#### SOURCE DATA
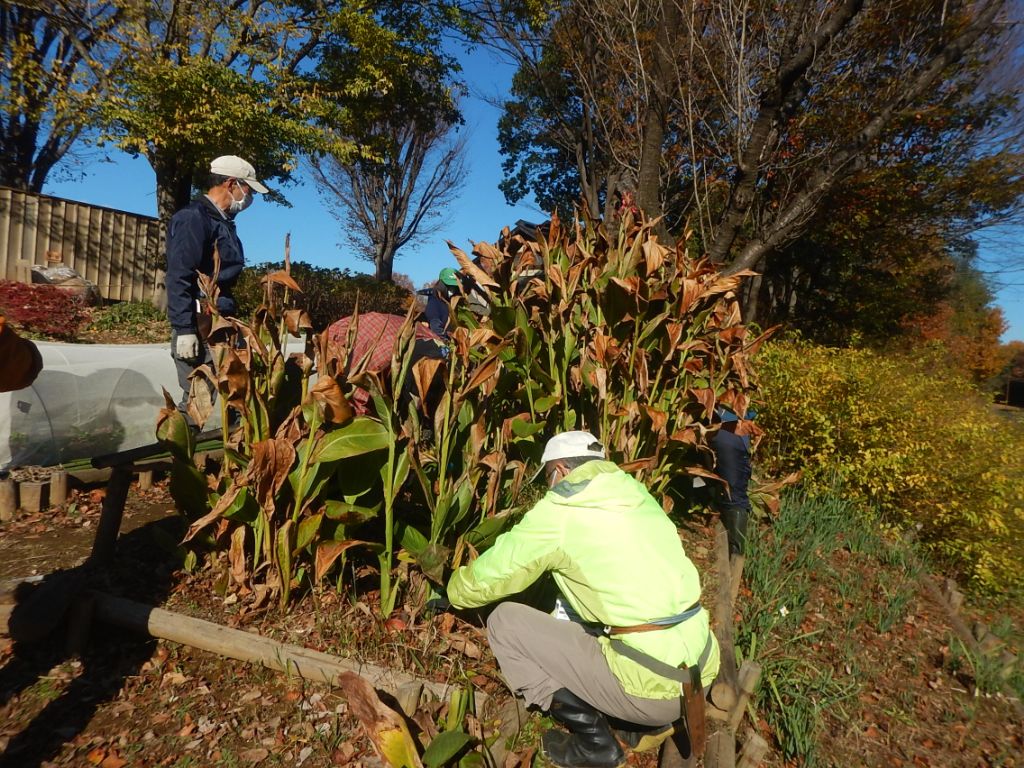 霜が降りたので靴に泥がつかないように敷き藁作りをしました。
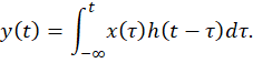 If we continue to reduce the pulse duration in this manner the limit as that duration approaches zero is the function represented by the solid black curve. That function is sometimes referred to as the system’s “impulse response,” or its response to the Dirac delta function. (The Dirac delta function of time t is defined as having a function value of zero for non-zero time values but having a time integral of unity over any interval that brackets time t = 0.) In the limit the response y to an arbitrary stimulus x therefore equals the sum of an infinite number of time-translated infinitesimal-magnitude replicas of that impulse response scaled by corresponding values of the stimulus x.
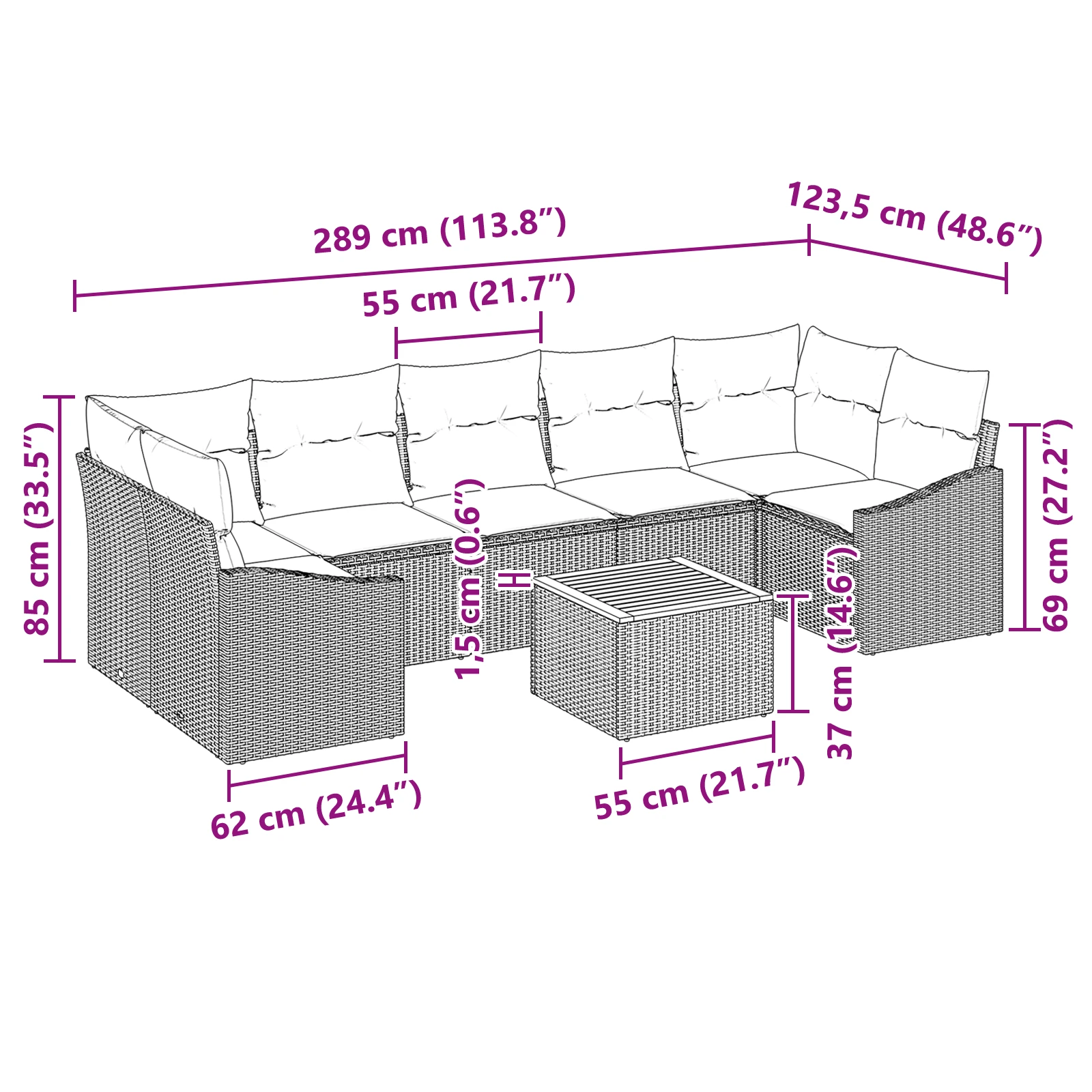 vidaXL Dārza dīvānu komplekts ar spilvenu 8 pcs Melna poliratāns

#### INSTRUCTIONS FOR THE TASK
Write out the whole listing exactly, with no pictures.

#### EXERCISE RESULT
 霜が降りたので靴に泥がつかないように敷き藁作りをしました。
 If we continue to reduce the pulse duration in this manner the limit as that duration approaches zero is the function represented by the solid black curve. That function is sometimes referred to as the system’s “impulse response,” or its response to the Dirac delta function. (The Dirac delta function of time t is defined as having a function value of zero for non-zero time values but having a time integral of unity over any interval that brackets time t = 0.) In the limit the response y to an arbitrary stimulus x therefore equals the sum of an infinite number of time-translated infinitesimal-magnitude replicas of that impulse response scaled by corresponding values of the stimulus x.
 vidaXL Dārza dīvānu komplekts ar spilvenu 8 pcs Melna poliratāns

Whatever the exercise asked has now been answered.